I’m not going to get into all the details here at the moment as……I imagine the majority of you could really care less.
“Just give us the trades Kong – what’s the trade Kong??”
The Australian Dollar is in real trouble here.
Considering that the RBA is opening “talking down” AUD as the currency is considered “overvalued” (and in turn hurting Australia’s economy), coupled with the fact that “it’s been a nice run” on the back of massive expansion and development of China – it could very well be time for some serious downward action.
AUD has already come down considerably but…..I might see a “waterfall” coming – in the not so distant future.
Trades short in AUD/JPY would likely make the biggest move, as well for stock traders short “FXA”.
Absolutely Kong, but perhaps not before a pause at 61.8fib at 0.9196. 8 consecutive red 4 hr candles means its oversold for now, but I see 0.9000 in trouble before year end. Also the AUDNZD has potentially more to fall as well.

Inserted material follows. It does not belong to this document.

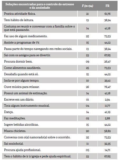 O Quadro 2 apresenta as estratégias de como os acadêmicos enfrentam o estresse. As principais estratégias citadas foram: ouvir música para relaxar (n = 26), consumir medicamentos, ingerir alimentos saudáveis e conversar com o(a) namo-rado(a), ambos com 25 ocorrências, ao passo que as estratégias menos adotadas citadas foram: escrever diário (n = 1), fazer meditação (n = 2), tocar instrumento musical (n = 4) e procurar ajuda profissional (n = 5).

Imho if this pair breaks and closes below the year low at 1.1180 next stop is 1.1000 and then 1.0830.For me this pair has been the trade of the year.
AUD / NZD completely slipped past me man as….I generally don’t trade 2 commods against one another and didn’t really look at it until I started learning more of NZ economy diverging.
Ya wow….if you’ve been on it / in it – boom! nice trade!
Not in AUD / NZD currently, now waiting for the break of the yearly low before shorting again, but its been good for over 1000 pips so far. Agree completely about not trading like pairs, but this one is my local cross, whereas I wouldn’t trade EURCHF – I try to avoid pairs in the same hemisphere, with this as the exception.
I’m lookin at er now…and as the fundies line up as well….
Thanks for the tip!
My pleasure, you’ve given me plenty!
Hi Kong, hope you’re well. What I don’t understand is how the AUD crosses are getting smashed but other risk related assets are not (ie. Equities). Either the correlation has changed or somethings gotta give! Eg. EURAUD and SPX.
Yes indeed the correlation has ( how shall we say ) “morphed” in that………the endless supply of Central Bank funny money from both the U.S as well Japan continues to find it’s way into equities DESPITE the call for global slowing / lowered global GDP etc.
The smart money is clearly exiting ( as we see through risk currencies ) yet the “retail” money continues to buy the dream.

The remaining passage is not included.